# All fish died while moving?



## NicoleMaio (Jun 7, 2018)

Ok so strange as this sounds, this is the second time this has happened. I'll give a rundown of both ...

We moved May 25th, 2017 at which time we also moved all our fish. We were moving from a house to an apartment and we had enough overlap to drain a 55gal tank, use the same water in a 10gal (with the fish temporarily in it), move the 55gal and set it up. So after the 55gal was moved and filled, we returned to get the fish from the 10gal. It was running a filter with water from the 3 year established tank and all fish were ok. We transferred the fish into a 5 gallon bucket for a short 20 minute car ride where the surface tension was periodically broken. While pulling onto our street we heard all the fish hitting the sides of the bucket. Upon opening the bucket inside, the fish were all dead looking. We quickly put them into the new tank and held them to the bubbles and used the net to do CPR. 5 fish lives and 2 died. The sucker fish was un-phased. We thought maybe somehow the bucket inadvertently got something in it and discarded it.

This tank had the following fish: Frontsa (saved), sucker fish (saved), catfish (saved), yellow lab (saved), random cow looking cichlid (saved), yellow lab (died), albino cichlid (died),

Today we moved (6/7/18) and we were not fortunate enough to be able to set up the tank beforehand. We transferred the fish into a 5 gallon bucket for a 5 mile (about 8 minute car ride). We got them inside and they were swimming around. All water in the bucket was from the previously established tank. Nothing new was introduced. We put the water into the 10 gallon tank with filtration. Within 5 minutes they were jumping out of the water like the pH was too low. The parameters were fine before leaving and they had no issues in this tank for a year now. The fish all died and this time despite about an hour of CPR, we were not able to save any. My boyfriends frontsa of 6 years passed and again the sucker fish was in-phased.

These were the following fish: Frontosa (died), peacock (died), random cow looking cichlid (died), small peacock (died), catfish (died), suckerfish (lived).

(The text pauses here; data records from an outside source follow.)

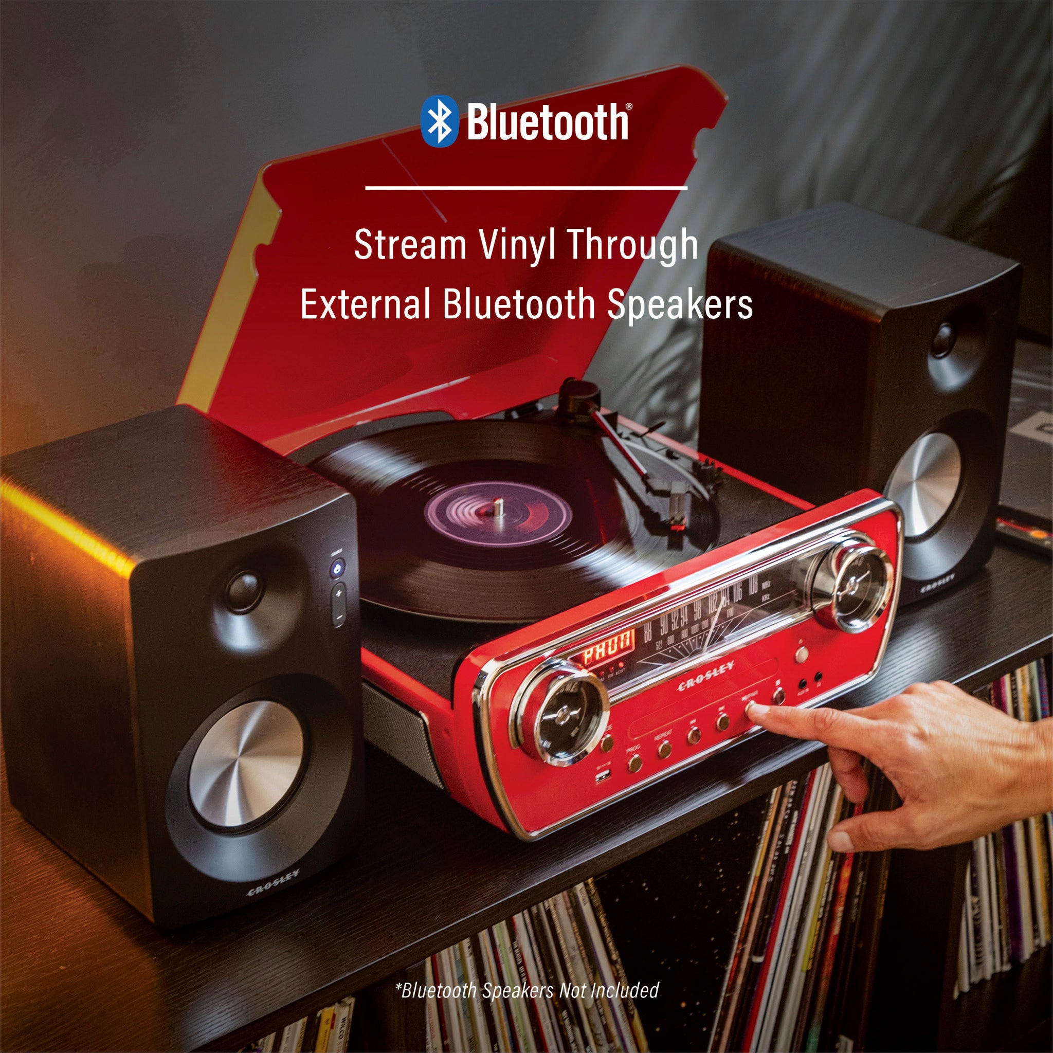 The Powel 7-in-1 Record Player merges retro design with modern sound. Designed like the dashboard of a vintage car, it’s a throwback to Crosley’s roots — named after our founder who brought the world the car radio. This entertainment centre comes loaded with a 3-speed turntable, AM/FM radio, CD player, and Bluetooth in/out capability. Whether you’re spinning vinyl or streaming, it’s about bringing music to everyone, just like Crosley has for over a century.
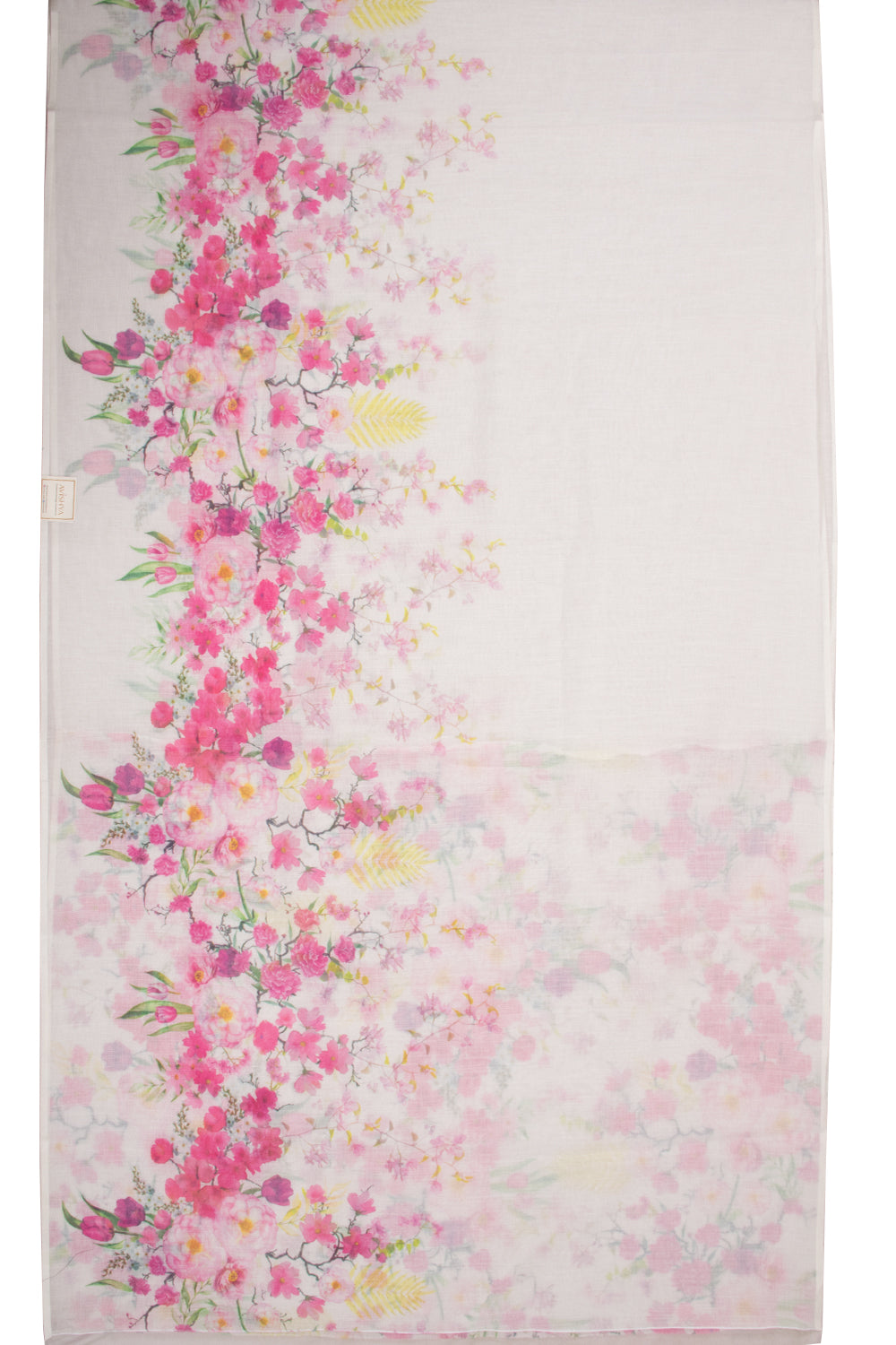 White Floral Printed Linen Saree 10074020
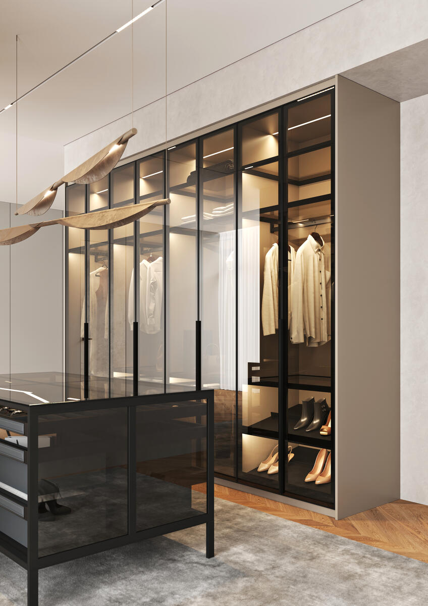 Šatní systém Luminar od společnosti JAP FUTURE není klasická skříň. Je to architektonický prvek, který pracuje se světlem, materiálem a prostorem stejně jako současná architektura. Luminar vzniká vždy na míru konkrétnímu prostoru a umožňuje architektům pracovat s celou výškou místnosti i s otevřenými nebo uzavřenými konfiguracemi. Konstrukce může být doplněna korpusem v přírodní dýze, díky čemuž lze systém sladit s dalšími prvky interiéru.
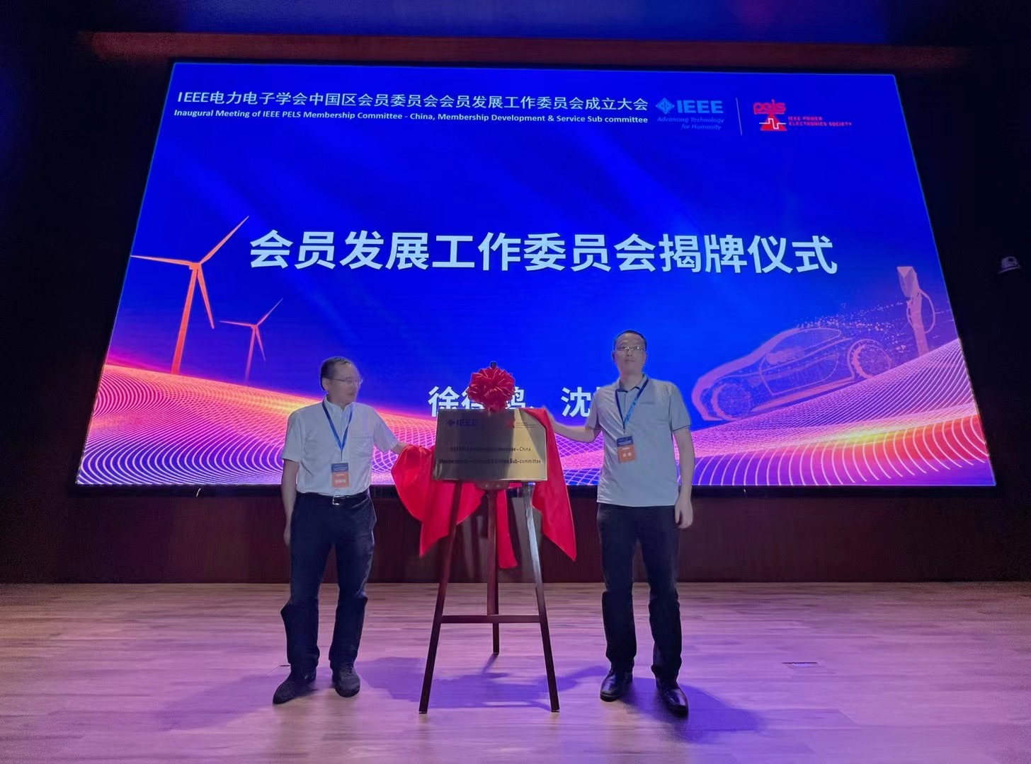 會(huì)議當(dāng)天,由孫建教授的學(xué)術(shù)報(bào)告作為開場(chǎng),分享了電力電子和基于轉(zhuǎn)換器的電力系統(tǒng),徐德鴻教授和英飛凌高級(jí)技術(shù)總監(jiān)陳立烽先生分別就寬禁帶器件大功率電力電子系統(tǒng)最新進(jìn)展以及功率半導(dǎo)體和電力電子協(xié)同共進(jìn)相關(guān)課題做了分享,孫凱教授就中國區(qū)的工作成果做了報(bào)告。會(huì)上,徐德鴻教授與沈捷院長(zhǎng)共同為IEEE PELS中國區(qū)會(huì)員發(fā)展工作委員會(huì)進(jìn)行揭牌,研究院作為工委會(huì)的掛靠單位,將全力推進(jìn)會(huì)員發(fā)展工作,建立起中國區(qū)會(huì)員之間的聯(lián)系橋梁,持續(xù)開展會(huì)員服務(wù)與學(xué)術(shù)交流工作。

I don't know the specific species of all the fish and my boyfriend is really upset so I'm not going to bother him right now. We want to know if anyone out there has any idea what happened? We will have to move again in a year (probably only within a 20 minute drive) and we don't want to start another tank if it's going to happen again. At the same time we love having a hobby tank and just upgraded to a really nice set up. I can't find ANYTHING on the internet that has any explanation.


----------



## Ichthys (Apr 21, 2016)

A 6 year old frontosa in a 5 gallon bucket with other fish? Sounds like a huge bioload for one bucket. Given that your water was alkaline(?) then it was probably ammonia poisoning. When moving fish in alkaline water you can't crowd them even for a few minutes. One pee without a filter and they're all dying. Next time I would split the fish up in as much of the water that you're taking with you, and add some ammonia remover (zeolite).


----------